COLUMBUS: Last week I received a nice note from a fellow asking, “What was Will’s feelings toward the church? What did he believe on the subject of Christ or the Christian church?”

At first, I wasn’t sure how to take the inquiry. But then I realized the Academy Awards are tonight (Sunday), and since I’m kinda associated with Hollywood, my faith might naturally come into question.

Besides I have kidded preachers and joked about religions just the same as congress, bankers, lawyers, real estate agents and Chambers of Commerce. If a man just reads these remarks that were intended to have more humor in ’em than theology, it’s easy to see how he could get the wrong idea.

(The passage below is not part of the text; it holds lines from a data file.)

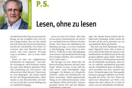 Wenn Sie den vollen Text lesen wollen, klicken Sie bitte hier:Beitrag als PDF Dokument Reinhard Kahls Kolumne P.S. Lesen, ohne
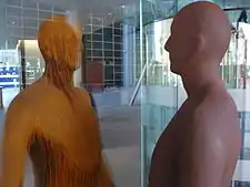 In 2012, Gormley began making sculptures that could be termed as "digital-cubism".[15] Through solid steel cubes the human form is rendered into an array of different postures and poses, boldly standing in a white gallery space.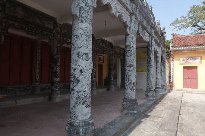 Đền Đá còn gọi là đình Đá thuộc thôn Nam Hà, xã Tân Thịnh, huyện Nam Trực, tỉnh Nam Định. Đền Đá thôn Nam Hà là di tích thờ ba anh em họ Vũ là những vị tướng thời Hùng Vương, trong đó người em út là Vũ Uy được tôn làm thành hoàng làng. Ngoài ra còn có bài vị thờ hai người anh của ngài là Chính Ngọ và Gia Sửu. Theo cuốn Kim Âu ngọc phả được viết năm Hồng Phúc thứ nhất (1572), hiện còn lưu giữ tại đền thì vùng đất Kim Âu xưa kia, nay là các thôn Nam Hà, Võ Lao Thượng, Võ Lao Hạ thuộc xã Tân Thịnh. Vào thời Hùng Vương thứ 18 ở vùng ái Châu (Hoằng Hóa, Thanh Hóa) có ông Vũ Công rời quê ra đi tìm vùng đất mới để sinh cơ lập nghiệp. Từ Thanh Hóa ông đi đến vùng đất Kim Âu. Được nhân dân nhiệt tình chào đón, ông vui mừng ở lại dựng nhà và mở trường dạy học. Thời gian sau Vũ Công được dân làng vun đắp lấy người con gái họ Hoàng tên gọi là Loan. Ít lâu sau bà Loan sinh được hai người con trai. Người anh đặt tên là Gia Sửu, người em đặt tên là Chính Ngọ. Năm sau bà Loan đột ngột qua đời, Vũ Công lại phải kết duyên với bà Trần Thị Thịnh để lấy người nuôi dạy hai con. Vài năm sau bà Thịnh sinh ra cho ông một bé trai tuấn tú nhưng lạ thay trên trán cậu bé có chữ Vũ Uy và sau lưng có hàng vảy cá. Vũ Công liền đặt tên cho con là Vũ Uy. Lớn lên Vũ Uy cùng hai anh theo thầy học đạo. Ba ông đều rất thông minh lại am hiểu thiên văn, địa lý và giỏi võ nghệ. Khi cha mẹ qua đời cả ba ông cùng tìm về kinh đô Văn Lang giúp vua Hùng cai quản bờ cõi trong gần 20 năm. Ba ông đã đóng góp nhiều công sức của mình trong cuộc chiến đấu với quân Thục. Khi Hùng Vương nhường ngôi cho Thục Phán, vì không thuần phục chủ mới nên cả ba ông đã tìm về đất Kim Âu chia xã làm ba thôn và mỗi người cai quản một thôn, rồi giúp nhân dân phát triển nông tang, ngành nghề và tiếp tục mở trường dạy học cho con em nhân dân trong vùng. Ghi nhớ công lao đó nên sau khi các ông qua đời dân làng lập đền thờ tưởng niệm. Ngoài việc thờ ba vị tướng thời kỳ Hùng Vương, đền Đá còn thờ 12 vị tổ (thập nhị gia tiên tổ) của 12 họ sớm về đây lập làng. Đền còn phối thờ hai vị đại khoa họ Hoàng và họ Lưu để nhân dân địa phương ghi nhớ truyền thống hiếu học của mình, khích lệ con cháu phát huy niềm tự hào đó. Đền Đá xã Tân Thịnh là một công trình kiến trúc lớn tọa lạc trên khu đất cao, với diện tích 2 mẫu (bắc bộ) ở giữa cánh đồng xa làng xóm. Xung quanh có nhiều cây lưu niên hòa nhập với kiến trúc công trình thành một tổng thể hoàn chỉnh. Qua nhiều lần tu sửa, tôn tạo công trình hiện nay còn 4 tòa chính và một dãy giải vũ về phía bắc. Tòa bái đường 5 gian được tôn tạo cách đây hơn 60 năm, kiến trúc hoàn toàn bằng đá, nhưng vẫn giữ được phong cách cổ truyền của dân tộc. Bên trong bái đường là hai tòa đệ nhị và đệ tam. Tòa đệ tam gồm 5 gian, được tu sửa năm 1877. Tòa đệ nhị cũng có 5 gian, được trùng tu vào đời vua Thành Thái năm thứ 4 (1892). Hiện nay tại tòa đệ nhị vẫn giữ được nhiều dáng vẻ kiến trúc cổ truyền, nổi bật là bộ cánh cửa gỗ lim được chạm nổi họa tiết lưỡng long chầu ở hai cánh cửa giữa và long chầu ở hai cánh hai bên. Lễ hội đền Đá được tổ chức vào ngày 3 tháng 3 âm lịch hàng năm. Đền Đá được Bộ Văn hóa - Thông tin công nhận là Di tích lịch sử và kiến trúc nghệ thuật. Nguồn: Báo Nam Định điện tử

In 1920 I was challenged to a debate by the famous Baptist preacher, Dr. James Whitcomb Brougher on the topic, “Resolved, that cowboys have contributed more to civilization than preachers”. I didn’t know till five minutes before we started I was supposed to defend the cowboy. In the debate, conducted in front of the Advertising Club of Los Angeles, I claimed, “The cowboys went across the plains in the early days, fought every foot of the way, killed Indians and fought buffalo, and opened this beautiful country of California up. And the preachers came along and closed it.” Well, he came right back at me, “The first thing the preachers had to do in advancing civilization was to catch a cowboy and civilize him.” So, that went on for most of an hour, with no clear winner but we both got a lot of laughs.

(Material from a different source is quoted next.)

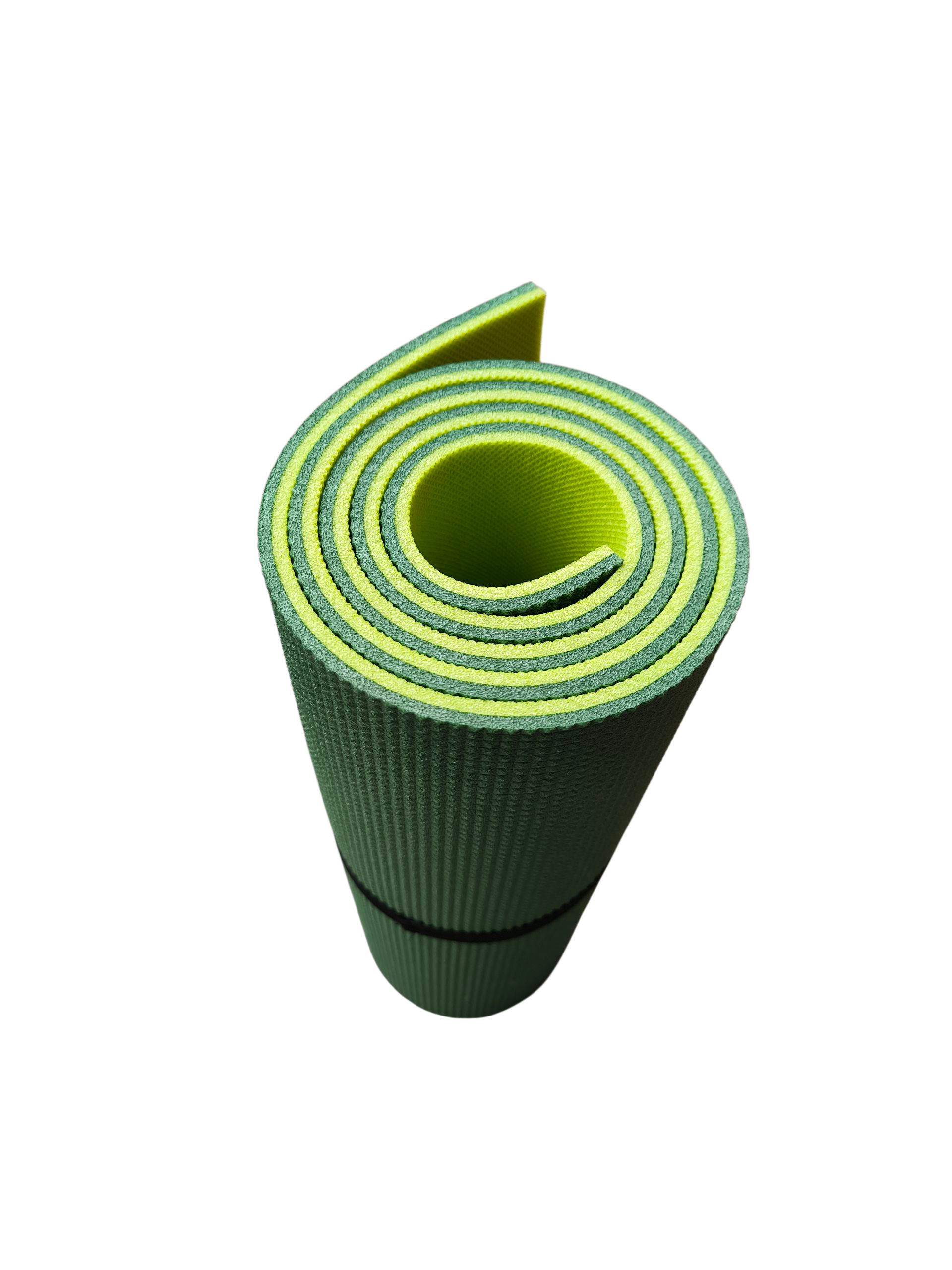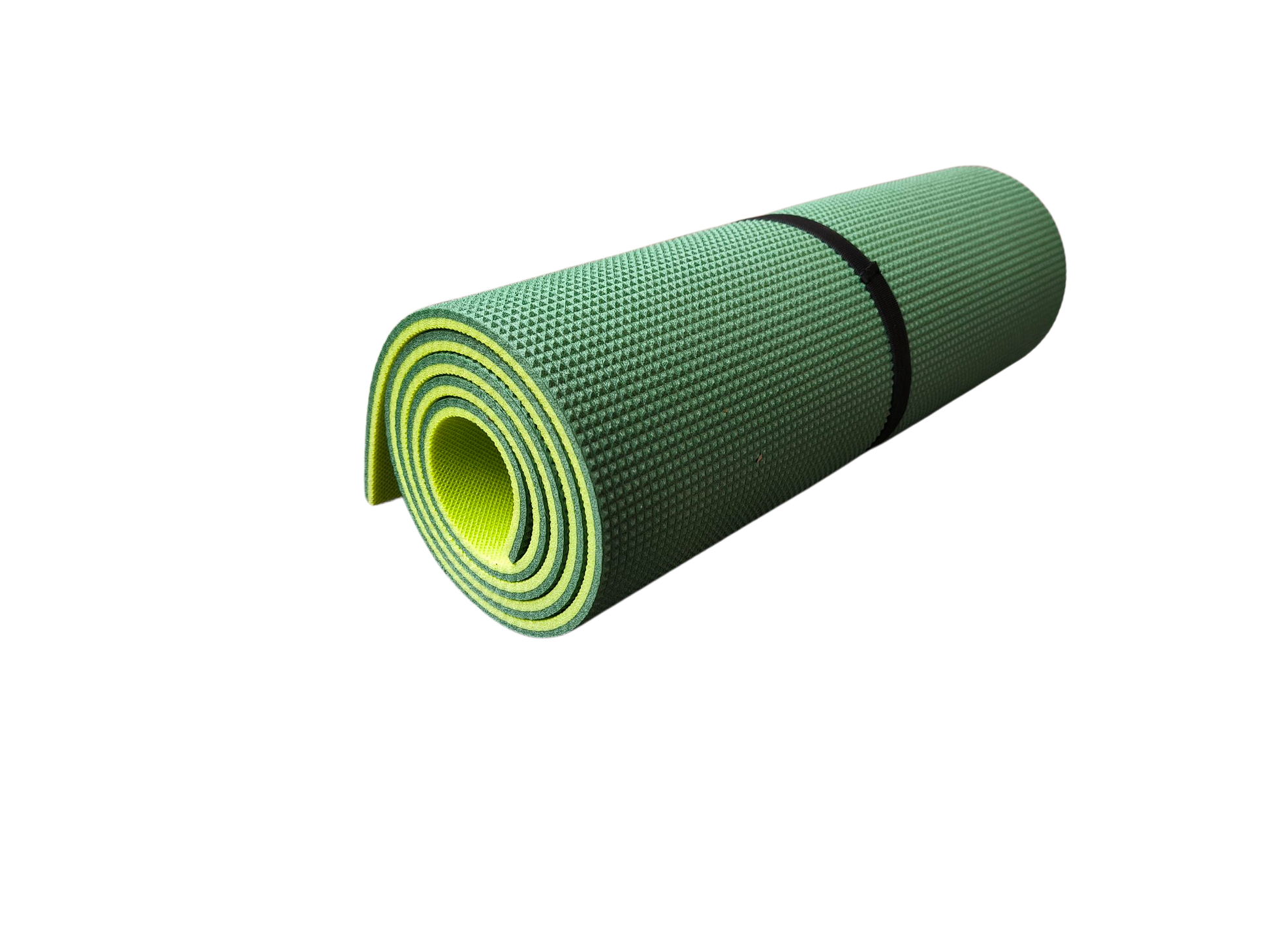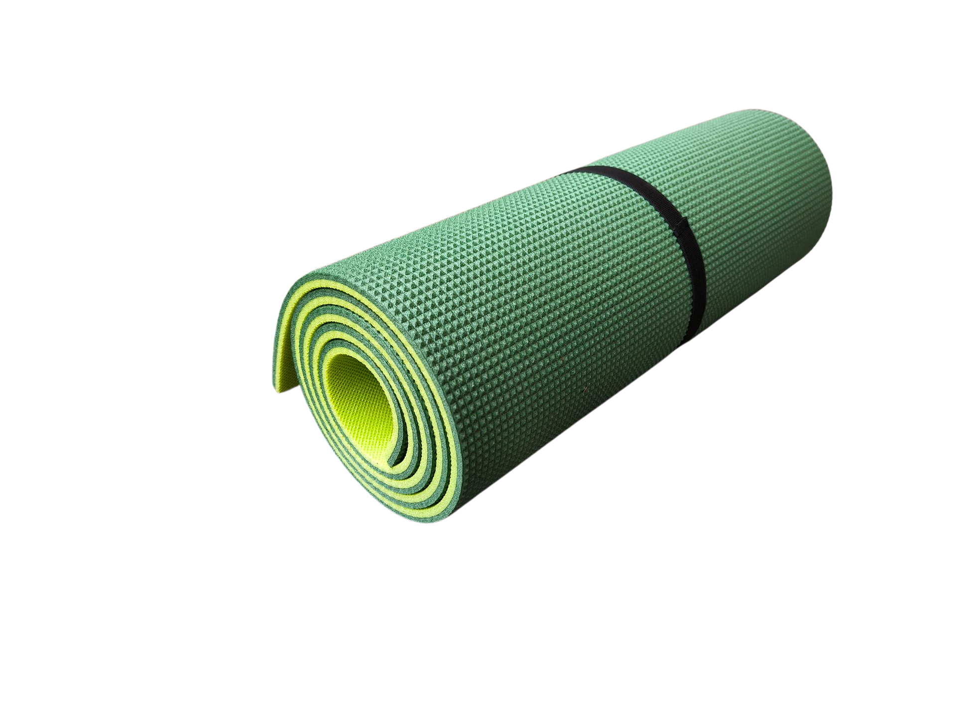 Rolovací penový matrac s reliéfnym povrchom, vhodný na opaľovanie a kempovanie, s fixačnou gumou. Jedna vrstva je tmavozelená, druhá svetlozelená.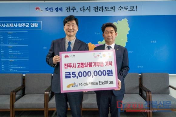 전남일 ㈜전일콘크리트 대표는 20일 전주 부시장실을 방문해 마음의 고향인 전주를 응원하는 마음을 담은 고향사랑기부금 500만 원을 기부했다.

During the famous Scopes trial in Dayton, Tennessee, I wrote a few things on evolution: “The Lord put all these million of people over the earth. They don’t all agree on how they got here, and ninety percent don’t care. But He was pretty wise when He did see to it that they all do agree on one thing. (whether Christian, Heathen, or Mohammedan) and that is that the better lives you live the better you will finish.”

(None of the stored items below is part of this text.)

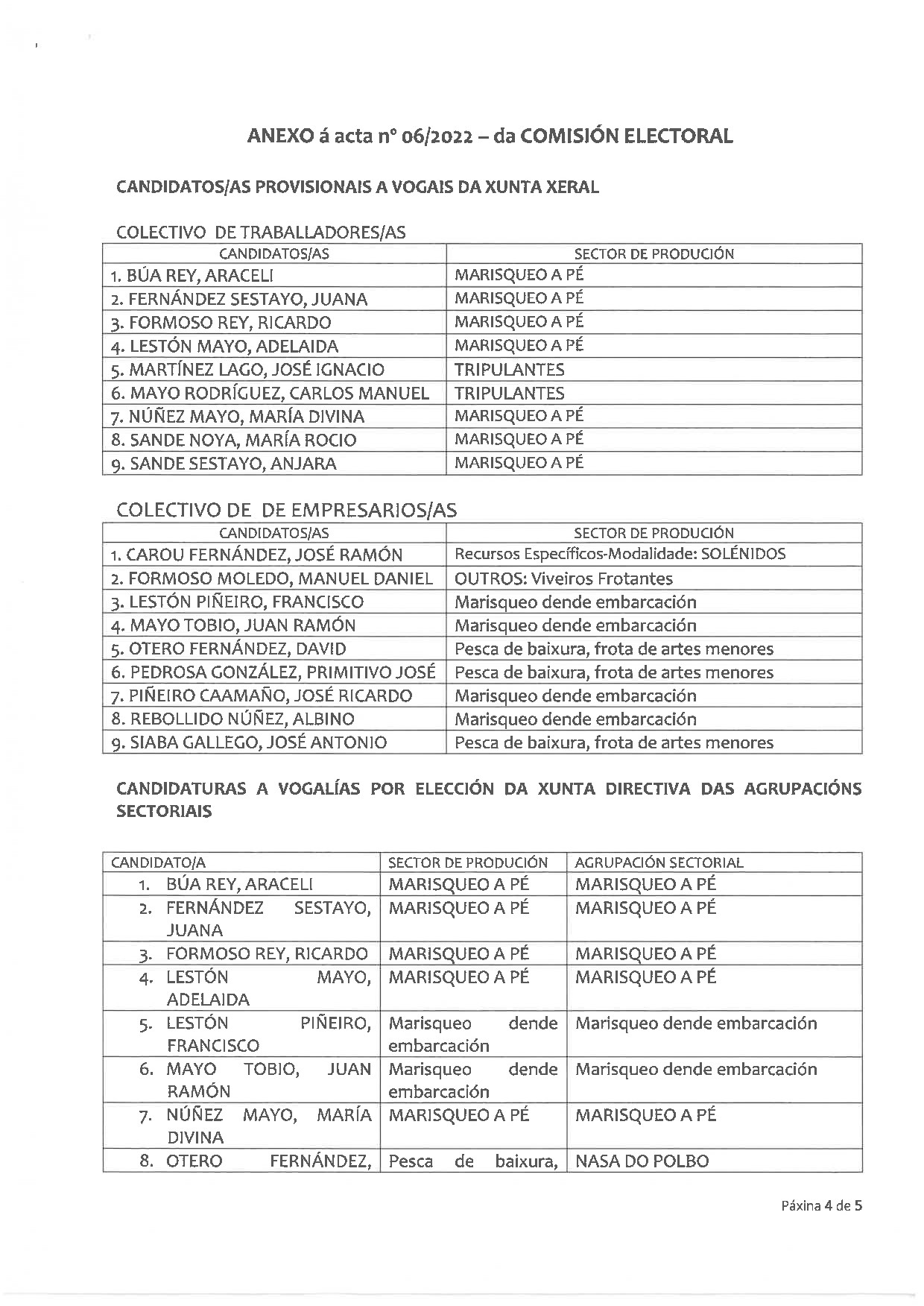 - Proclamación provisional de candidatos/as por colectivo e sectores de produción á Xunta Xeral da confraría e a vogais por elección das directivas das agrupacións sectoriais.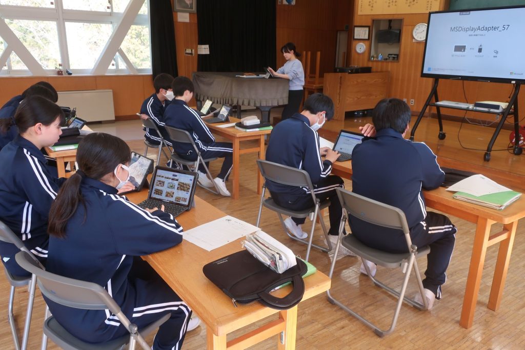 2年生の音楽では、「世界の諸民族の音楽」を調べていました。グループごとに好きな民族音楽を選び、その特徴や楽器などについてまとめていました。なじみのない楽器などに興味を持つ生徒が多かったです。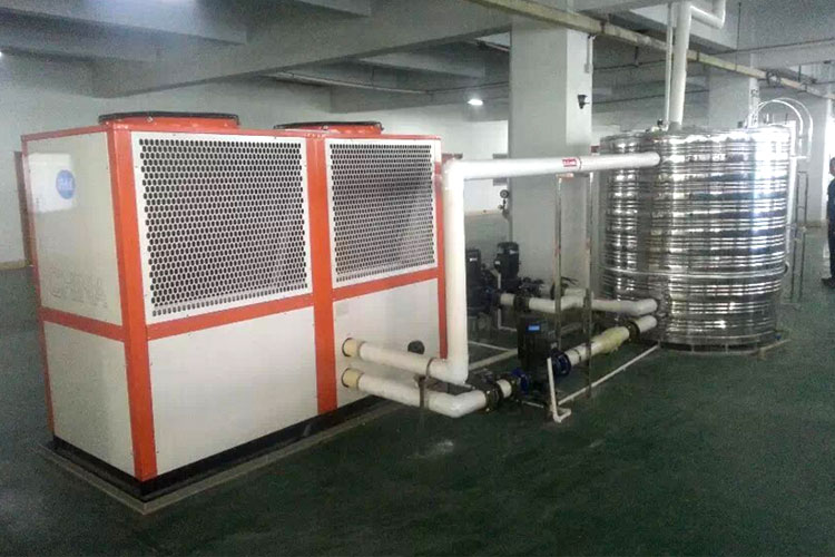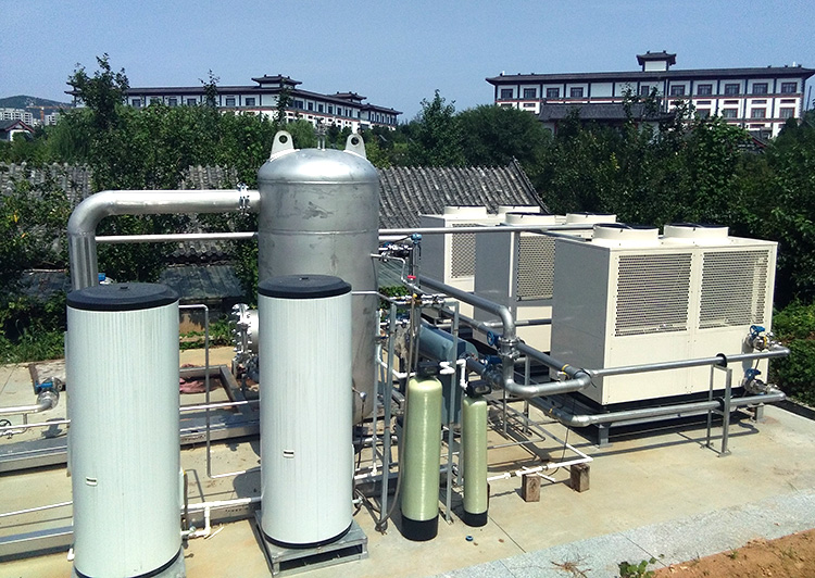 以山東某釀酒廠為例,采用空氣源熱泵高溫熱水系統,由正旭4臺25P復疊高溫熱泵機組構成,供宏濟堂酒窖釀酒使用。項目穩定運行三年,節約能耗節46%以上。

“As far as Scopes teaching children evolution, nobody is going to change the belief of Tennessee children as to their ancestry. It is from the action of their parents that they will form their opinions. There is a terrible lot of us who don’t think that we come from a monkey, but if there are some people who think that they do, why, it’s not our business to rob them of what little pleasure they may get out of imagining it.”

“I was raised predominantly a Methodist, but I have traveled so much, mixed with so many people in all parts of the world, that I don’t know just what I am now. I know I have never been a nonbeliever. I have worked with every denomination in the world because one is just as worthy as the other. I don’t think any one religion is the religion. If I am broad-minded in any way (and I hope I am in many) but I do know that I am broad-minded in a religious way. Which way you serve your God will never get one word of argument or condemnation out of me. There has been times when I wished there had been as much real religion among some of our creeds as there has been vanity, but that’s not in any way a criticism.”

“The Lord didn’t leave any room for doubt when he told us how we should act. His example, and the Ten Commandments are plain enough. Whoever wrote the Ten Commandments made ’em short. They may not always be kept, but they can be understood. They’re the same for everyone.”

Since the movies are on everyone’s mind tonight I’ll close with a comment praising one in 1927: “Say, I just now saw the movie ‘The King of Kings.’ This is not an ad. It’s a duty to let you know of it. The only way you could make a greater picture would be to have a better subject, and I doubt if there will ever be a better subject during our lifetime than the story of Christ.”